What would be cool with a simple site that was feed via JSON and jQuery is that the site wouldn't need to load on each click. Just the relevant data would change. You could then use hashes in the location bar to keep track of where you were (ex. http://localhost/#about)
The problem being if they are editing the raw JSON file they can mess it up pretty quick. I think your admin tools would have to generate the JSON files based on the input so that you can ensure nothing breaks.
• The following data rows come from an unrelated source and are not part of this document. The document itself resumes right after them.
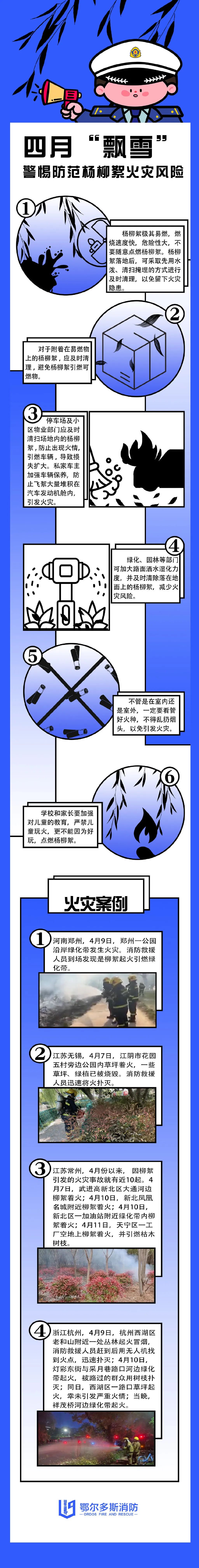 “五一”前后是杨柳絮飘飞的高峰期。杨柳絮极其易燃,且燃烧速度快,火灾风险较大。快来学习一下防范杨柳絮火灾风险应注意什么吧!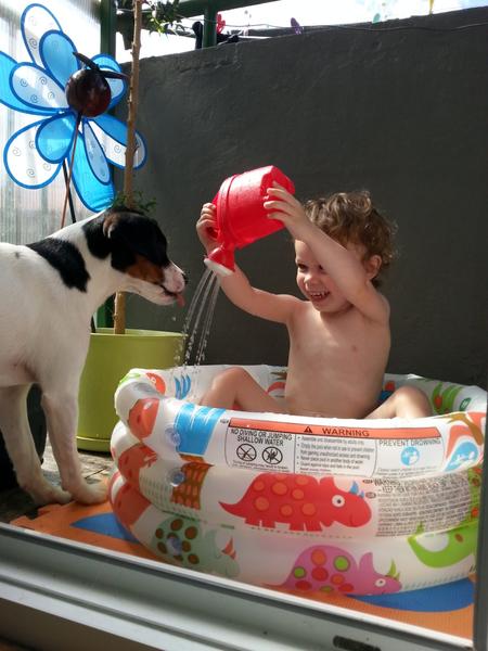 Krásne fotky, na každej vidno ako sa ľúbia. Ja osobne by som psíka vnútri pri malom bábätku nezniesla.sliny, chlpi, umývať,utierať, nevravím v zime. Mám rada čisto a nech sa pes aj raz týždenne umýva je ho dnu cítiť . Ja by som bola otrokom upratovania.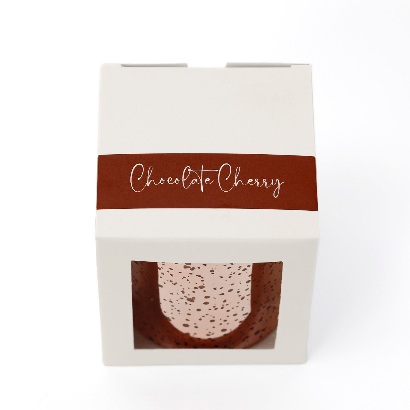 Handmade soy candle made with blended plant-based organic fragrance oil of cherry and chocolate and essential oil of vanilla for a clean burning candle.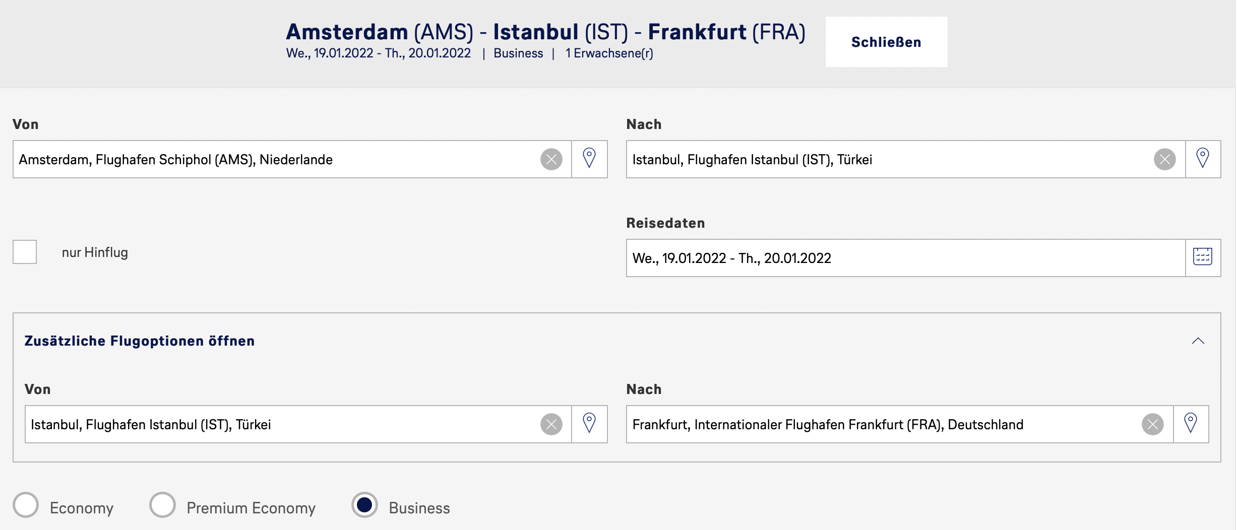 In unserem Beispiel suchen wir Amsterdam nach Istanbul und Istanbul nach Frankfurt als Gabelfug mit einem Aufenthalt von einer Nacht in Istanbul.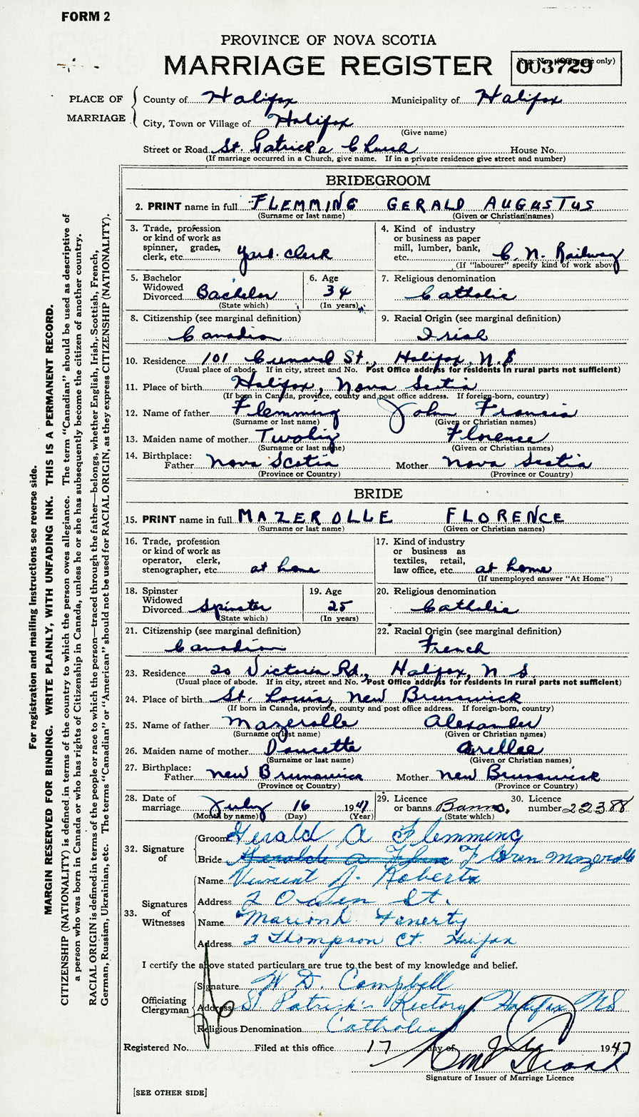 28. Date of marriage July 16 1947 29. By license or banns License 30. License number 22388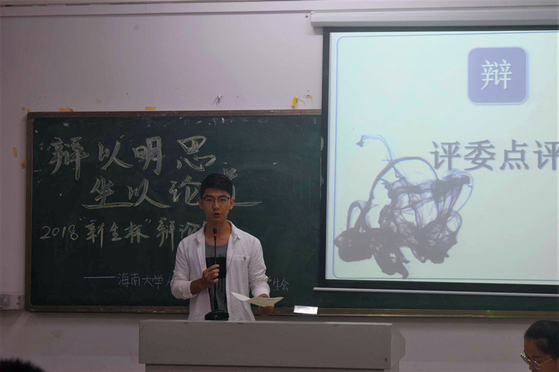 16级辩论队教练阮人及、17级辩论队队长王颖、17级辩论队副队长童博轩担任评委。海南大学人文传播学院主席蒋正一,副主席唐雨婷、陈子君、黄朝恺出席本次辩论赛。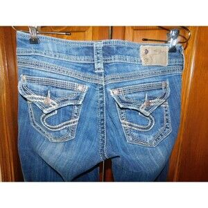 SILVER SUKI SURPLUS WOMENS DISTRESSED BOOT CUT JEANS SIZE 28.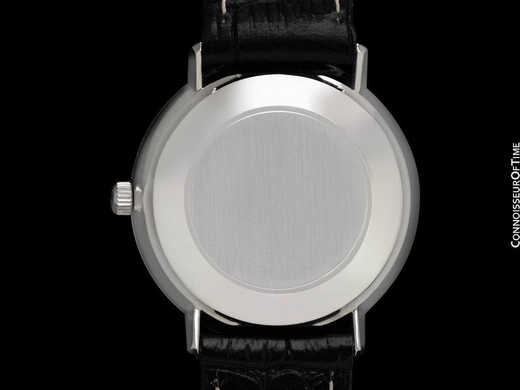 Movement type: Caliber 565, signed Omega, manually wound, finished in copper-beryllium, 24 jewels, straight-line lever escapement, monometallic balance, shock absorber, self-compensating flat balance spring, micrometer regulator for precision adjustment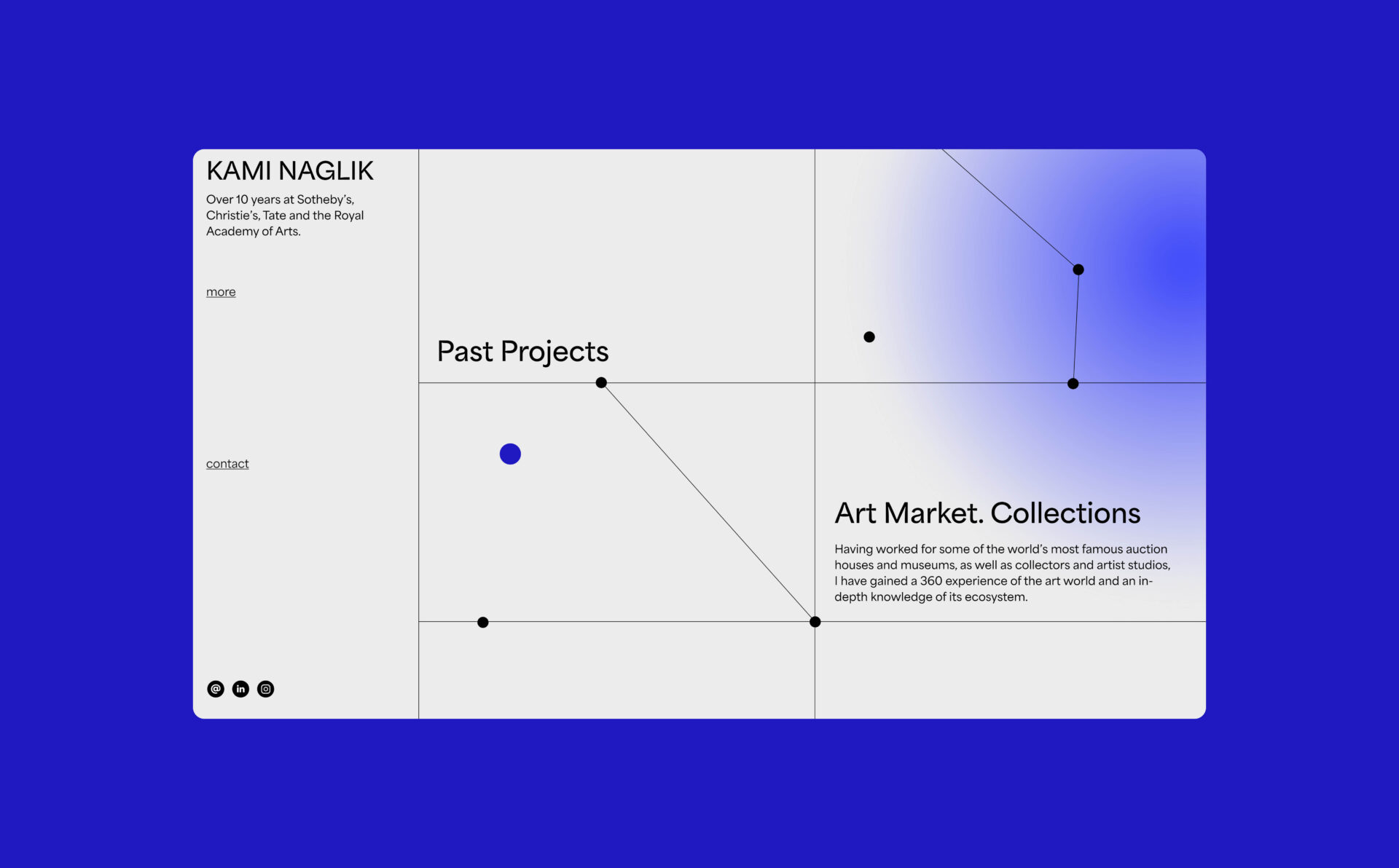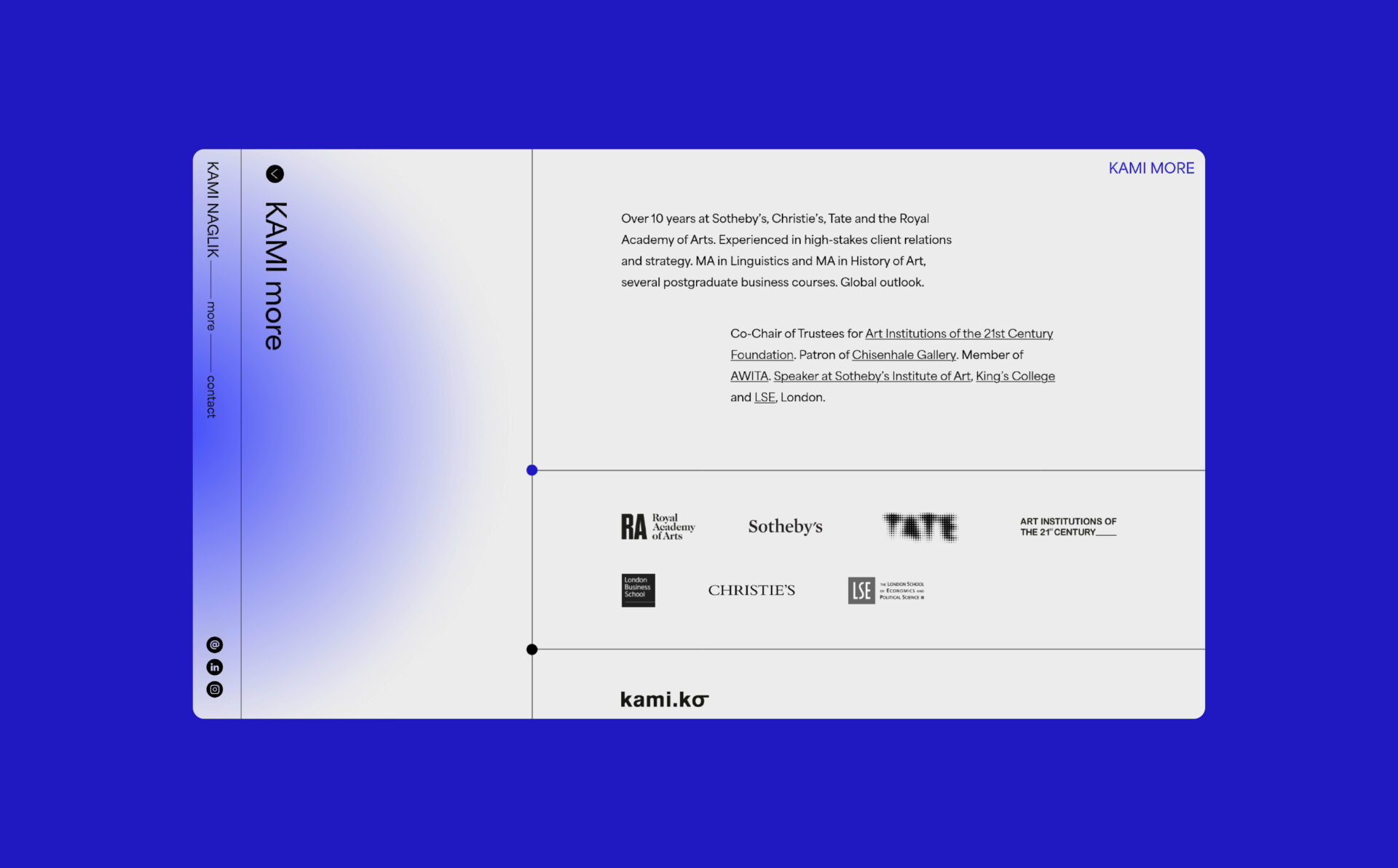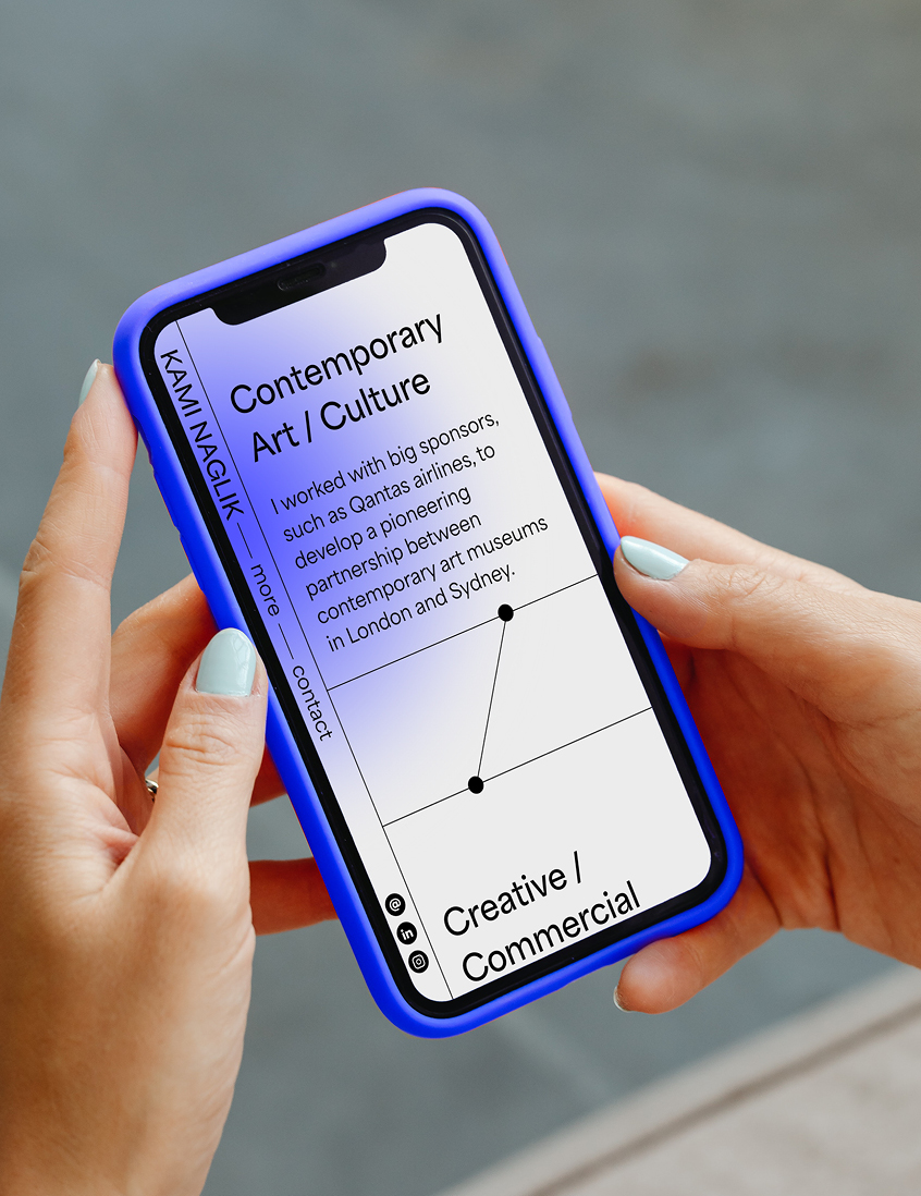 Zaprojektowaliśmy branding osobisty i stronę internetowej dla Kami Naglik, która zajmuje się sztuką i spędziła ponad 10 lat w londyńskich domach aukcyjnych Sotheby’s i Christie’s

The admin tools would be more entailed then the site (though isn't that always the case with dynamic sites)
What is the predicted data sizes for the CMS?
A large reason for the use of a RDMS is quick,specific access to large amounts of data. The data format might not be large, but if there is a lot of the data, then it might be better in the long run for a RDMS.
Then again, if the CSM is designed right, then switching between a flat file to RDMS should be as simple as using a different data access file.
While an RDBMS may be necessary for a very large CMS, a small one could run off flat files very well. A lot of CMS products out there fall down in that regard, I think, by throwing an RDBMS into the mix when there's no real need.
However, if you are using flat files, there are security issues which others have highlighted. Another issue I've come across is hosting providers using the disable_functions directive in php.ini to disable file I/O functions like fopen() and friends. If you're hosting your CMS on a box you control, you won't have this problem but if you're using a third-party provider, check first.
As the original poster, I wasn't signed in, so I'm following up to the answers so far in an answer (sorry if this is bad form).
There may instances where this is on
a shared host.
Though the JSON files can technically
be edited, this won't be the case.
The admin interface will be robust
enough to do all of the creating/editing of pages
The size for each install will be
relatively small -- 1 - 2 admins,
10-100 pages. A few lists of common
items may run longer (snippets of
copy for example).
Security will be a big issue -- any
other options suggestions on this
specifically?
Well, isn't there a problem with they being distrustful to any database system? Isn't the problem more in their thinking than in technology? Maybe they are afraid of database because it sounds complex to them. In that case, if you just present them some very simple CMS (like CMS made simple, which I've heard is really simple and the learning process is very fast), if they see everything is easy then may be they just don't care what's behind, if it's a database or whatever!
They could hear to arguments like better maintenance, lower cost of maintenance, much better handover to another webmaster than proprietary solutions (they are not dependent on you) etc.